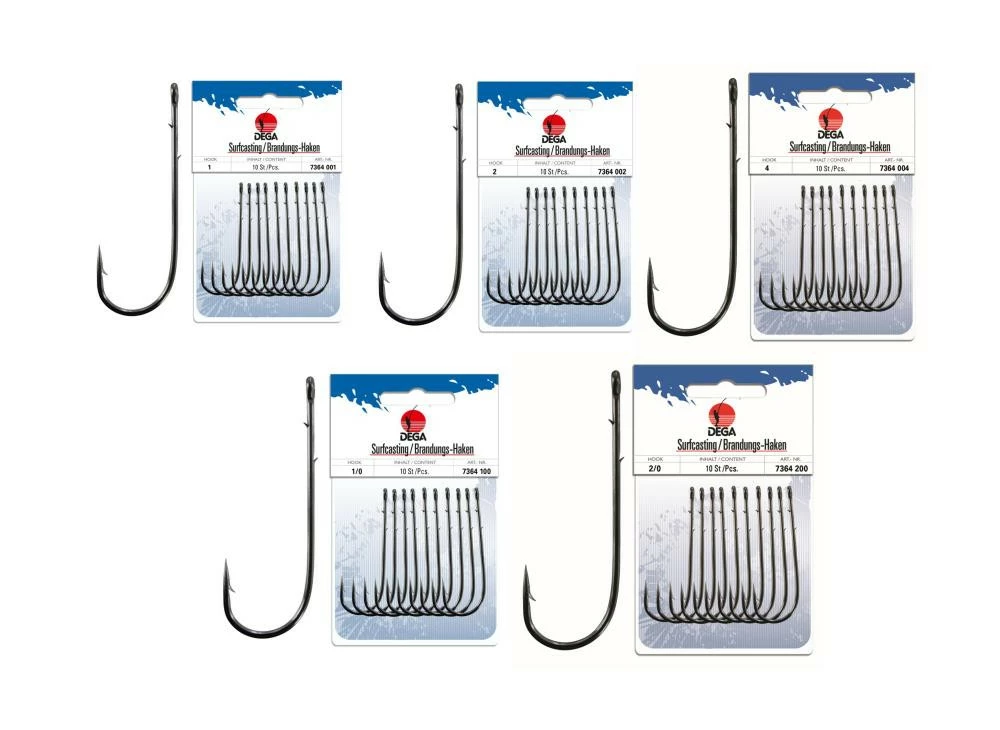 Dies sind sehr scharfe und stabile Surfcasting Einzelhaken. Es sind die idealen Haken um Brandungsvorfächer zu bauen. Sie besitzen zwei Widerhaken, somit halten die Köder wie Wattwurm besser am Haken. In jeder Packung sind 10 Haken enthalten. Die Hakengrößen reichen von 4 – 2/0.
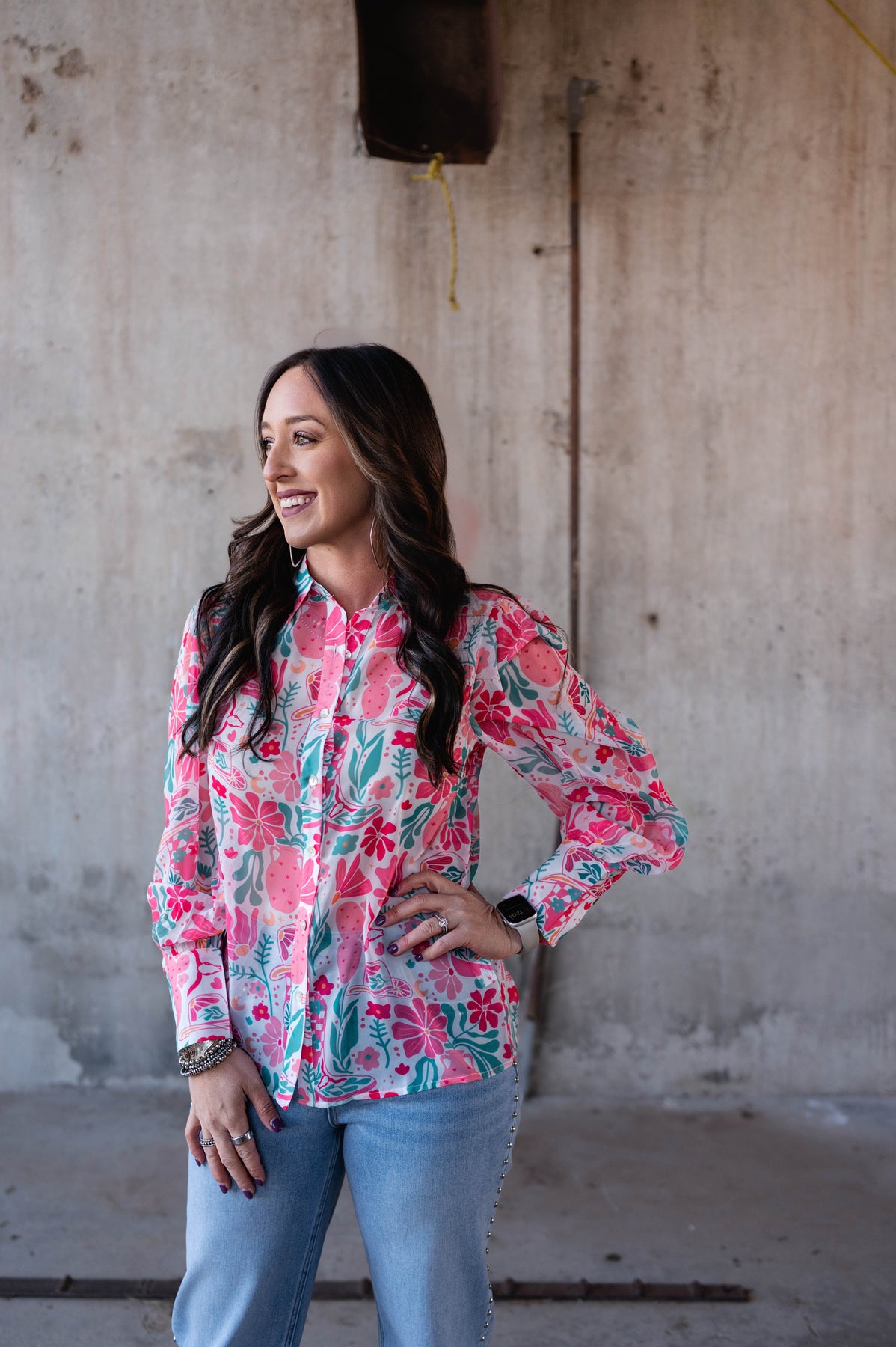 Meet your new layering essential! This sheer button-up blouse rocks a playful boho print featuring cacti, florals, and boots in vibrant turquoise and pink against a clean white backdrop. With its collared neckline and long sleeves, it's equally stunning worn solo or tucked under a cozy sweater. Feather-light and endlessly fun.
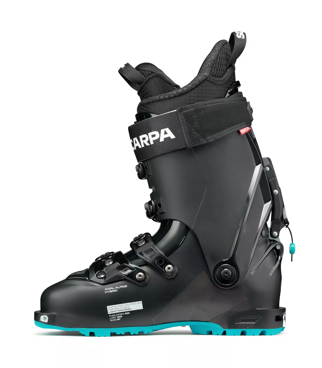 КОНСТРУКЦИЯ: Новата хибридна конструкция Alpine Axial се състои от комбинация от език и каишка, свързани от медиалната страна на черупката, която осигурява прецизно прилягане в средната част на стъпалото и в областта на петата и е подходяща за най-различни типове и размери стъпала. Тази конструкция позволява прилягането и прецизността на класическата конструкция на ски обувки с припокриване, като същевременно позволява по-лесно влизане в обувката, а също така дава възможност за отлично предаване на импулсите при завиване и несравним контрол.
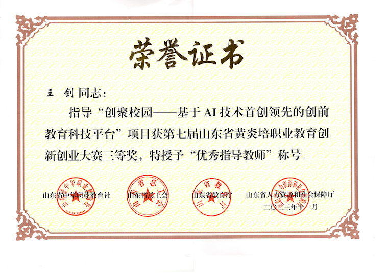 曾获全国电子专业人才设计与技能大赛优秀指导教师、全国大学生语言文字能力大赛优秀指导老师、全国大学生预防艾滋病知识竞赛优秀指导教师、山东省黄炎培职业教育创新创业大赛优秀指导教师、 “互联网+”大学生创新创业大赛省赛金奖指导教师,国家级大学生创新创业训练计划项目指导教师。

* [YOUR TASK] When you copy the listing above, reproduce every line exactly and skip the images.

* [EXERCISE SOLUTION]
 Dies sind sehr scharfe und stabile Surfcasting Einzelhaken. Es sind die idealen Haken um Brandungsvorfächer zu bauen. Sie besitzen zwei Widerhaken, somit halten die Köder wie Wattwurm besser am Haken. In jeder Packung sind 10 Haken enthalten. Die Hakengrößen reichen von 4 – 2/0.
 Meet your new layering essential! This sheer button-up blouse rocks a playful boho print featuring cacti, florals, and boots in vibrant turquoise and pink against a clean white backdrop. With its collared neckline and long sleeves, it's equally stunning worn solo or tucked under a cozy sweater. Feather-light and endlessly fun.
 КОНСТРУКЦИЯ: Новата хибридна конструкция Alpine Axial се състои от комбинация от език и каишка, свързани от медиалната страна на черупката, която осигурява прецизно прилягане в средната част на стъпалото и в областта на петата и е подходяща за най-различни типове и размери стъпала. Тази конструкция позволява прилягането и прецизността на класическата конструкция на ски обувки с припокриване, като същевременно позволява по-лесно влизане в обувката, а също така дава възможност за отлично предаване на импулсите при завиване и несравним контрол.
 曾获全国电子专业人才设计与技能大赛优秀指导教师、全国大学生语言文字能力大赛优秀指导老师、全国大学生预防艾滋病知识竞赛优秀指导教师、山东省黄炎培职业教育创新创业大赛优秀指导教师、 “互联网+”大学生创新创业大赛省赛金奖指导教师,国家级大学生创新创业训练计划项目指导教师。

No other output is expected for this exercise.